Small native binaries don't seem like much of an advantage when writing servers. For command-line apps sure, but it sounds like OP was addressing someone who was writing a server application.
Small native binaries don't have to warm up when you start / restart a server.
Sure they do, they have to warm up the cache and OS data structures, whence why Windows has a pre-fetch service.
> Small native binaries don't seem like much of an advantage when writing servers.

However when deploying server binaries it's a substancial advantage. End users like them. Ops like them.

End users happily chug along with 300MB Facebook Messenger on their phones.

On server I am deploying 250MB TensorFlow on a _free_ cloud tier.

Not sure what are you talking about.

I also bet Java or .NET would be speedier than Go after warmup.

The last time I gave these reasons for choosing Go, that post got downvoted as well. But, still no-one can suggest a more appropriate language to use.

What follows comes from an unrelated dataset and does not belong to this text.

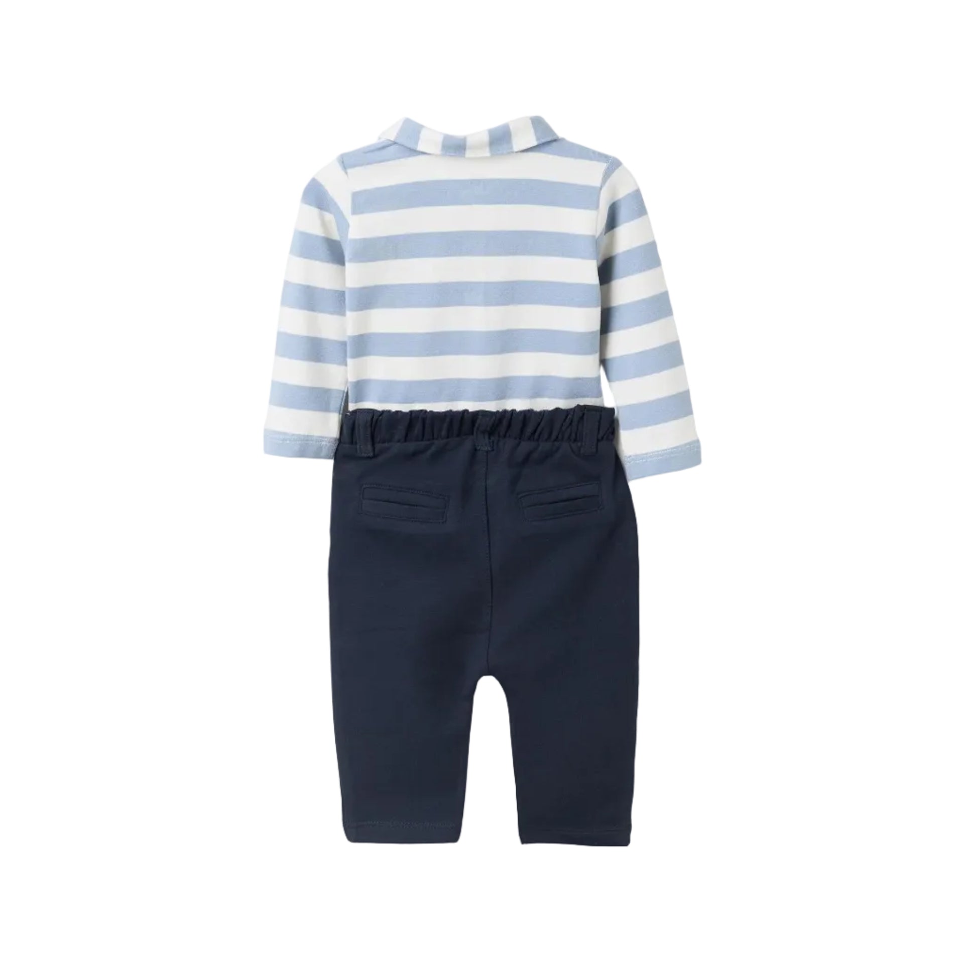 Este es un conjunto en algodón para bebé en color azul e Ivory, acompañado de pantalones en tono azul oscuro. La camiseta presenta un divertido diseño de rayas atemporal, lo que la hace atractiva y alegre.

I don’t even particularly like Go. It just seems to be the best solution for command-line apps in 2020.

Because plenty of managed languages do support AOT compilation to native code, including Java.
Yes, since around 2000's when willing to pay for third party SDKs.

Nowadays OpenJDK, OpenJ9 and GraalVM offer AOT for those that aren't willing to pay for such SDKs.

As for small, Go binaries aren't necessarily that small.

With GraalVM you can compile JVM languages to small executables with limited memory consumption. It's fairly new technology but people are using it in production.